Valve’s allocation of DPC events concerning for upcoming regions

Shounak Sengupta

10th, Jun, 2019

DPC 2018-19 saw a host of changes from the previous season, but one of the more important ones was the reduction in the total number of events. The current season comprises of 10 events or 5 Major-Minor pairs as compared to the 23 events last season. However, a problem that we already spoke about last season doesn’t seem to have been addressed this year either - the distribution of DPC events.

 

Last season out of the 23 events, 15 were in EU + China, 6 in CIS + SEA and only 2 in NA. This year the gap is much wider.

 

In 2018-19 8/10 DPC events are either in EU or CIS while SEA and China have just 1 event each. NA has been completely ignored with 0 Dota events this season. It isn’t the biggest loss for China, as TI9 will be held in Shanghai in August but it’s a complete letdown for NA. For a company based out of Seattle, it comes as a big surprise to see that there is no event is in the region that has hosted many successful LANs and 7 TIs.
 


The allocation of events in the 2017-18 season

 
Why did NA receive the snub?
 

North America’s exclusion has been the biggest surprise but there could be a variety of reasons that forced Valve’s hand. Visa issues have often been a concern for players and teams from SEA, China and even SA, especially when travelling to the USA. Secondly, many of the TOs who did get DPC gigs are based out of EU and have hosted many tournaments there, so perhaps they didn’t want to take the additional headache of going to a different region.

 

Dreamhack, PGL and OGA are all EU based organizers while Starladder, EPICENTER, MarsTV are more CIS and China. NA based Dota TOs like ELEAGUE and BTS are yet to be tier 1 in terms of organizing LANs and while both have been doing Dota, they certainly can’t be rated above the likes of a Dreamhack or PGL.

 
PGL comes to Malaysia, but legitimate concerns for SEA TOs
 

One of the more important lessons from the last DPC seasons has been the fact the legitimacy is a concern for newer TOs. First-timers like GESC who hosted 2 Minors last season are still embroiled in controversy for not having paid out their prize money and dues to talent. A major setback for new TOs and TOs based in economically weaker regions, as Valve will be even stricter when handing out DPC events.
 

 
 

It's hard to see SEA TOs like Fallout Gaming and MET get gigs in the next season but you never know.

 
ESL, Facebook and the aftermath
 

Despite having conducted 3 successful ESL One’s and ESL One Birmingham on the cards, ESL will be disappointed at having no DPC events to their name, this season. Their decision to stream on Facebook, last season, was met with heavy community backlash and it seems as if even Valve are miffed with what is essentially one of the largest TOs in the world. However, there are also whispers, that ESL themselves don't prefer doing Dota events, since they aren't the most profitable. 
 

When will we see a Dota Tournament in South America?
 

SA has been one of the newer entrants in the Dota scene and are now guaranteed slots in DPC events and even TIs. However, despite the influx of teams and players, SA has yet to see a major Dota tournament let alone a DPC event. Even TOs like ESL and PGL, who have been quite experimental with their choice of locations, are yet to go to South America to host a Dota tournament.

 
Who stands to benefit if more regions had tier 1 tournaments?
 

The recently concluded ESL One Mumbai, although not a DPC event, proves that there are passionate fans in many unexplored regions. While there might be logistical hurdles along the way, the first TO to truly be a global powerhouse will be one that expands its reach the fastest. SA, Africa, SEA are largely untapped regions, with massive player bases and passionate fans. At a time when new titles are gradually chipping away at Dota’s player base, it's important to constantly innovate and explore untapped avenues.

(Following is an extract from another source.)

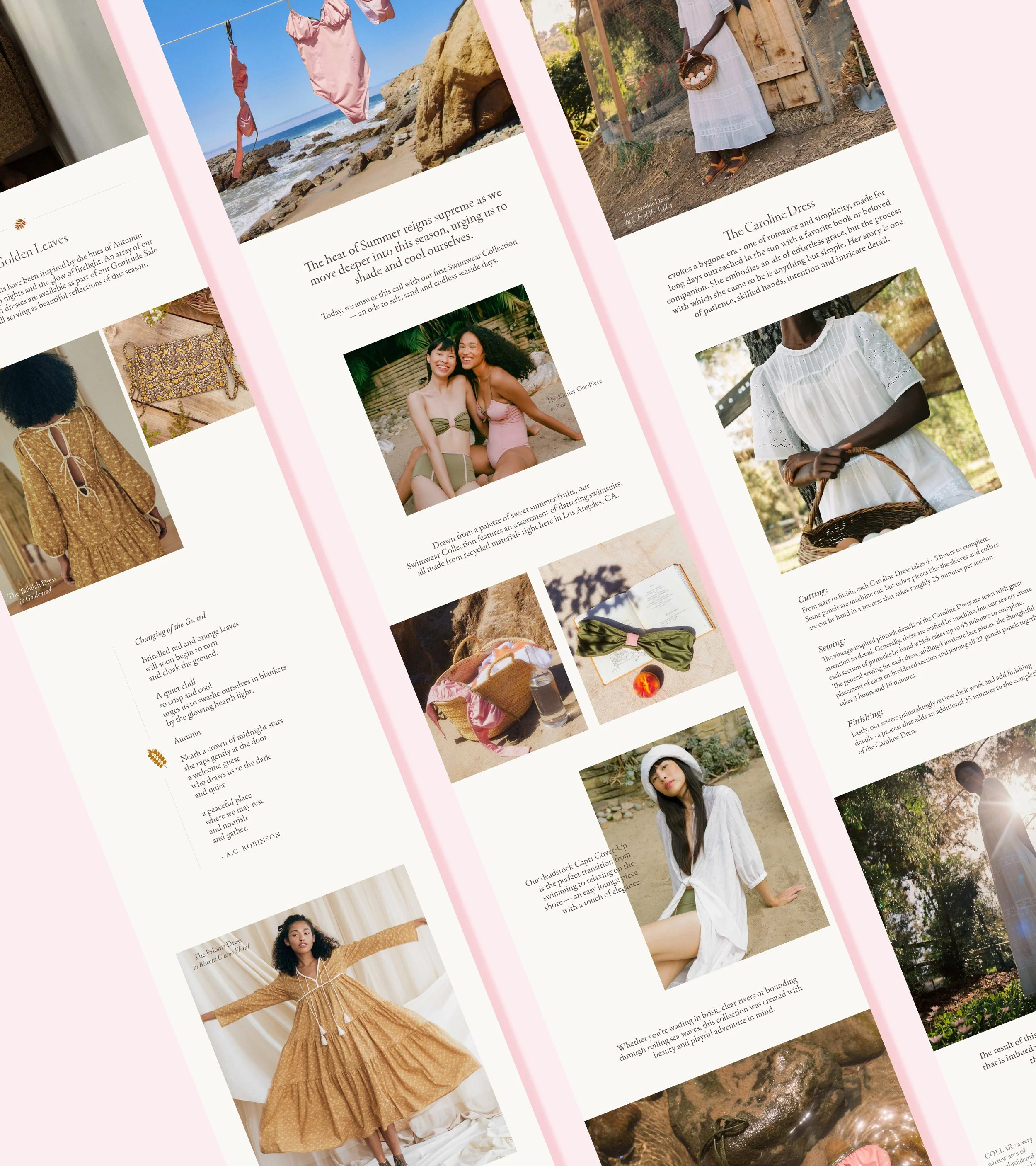 With existing brand assets and hand-written notes, I designed a press release for Christy Dawn’s new regenerative cotton collection. It tells the story and significance of working with a farm in India to grow the cotton while increasing biodiversity and drawing carbon back into the soil. The brief then takes you through the key styles in the collection, sharing fabric and detail information for each.

 Image credits: Adela Sznajder | ESL One Mumbai
 

Dota being a free title with low system requirements has massive appeal in many developing nations, and is especially popular in regions with a big cafe culture. While it will take time and experience for local TOs to fully capitalize on their markets, established ones stand to gain a whole lot, by going there.

 

With just 2 tournaments left in the DPC Calendar, followed by TI9, we just can’t wait and see what events TOs and Valve have planned for the next season!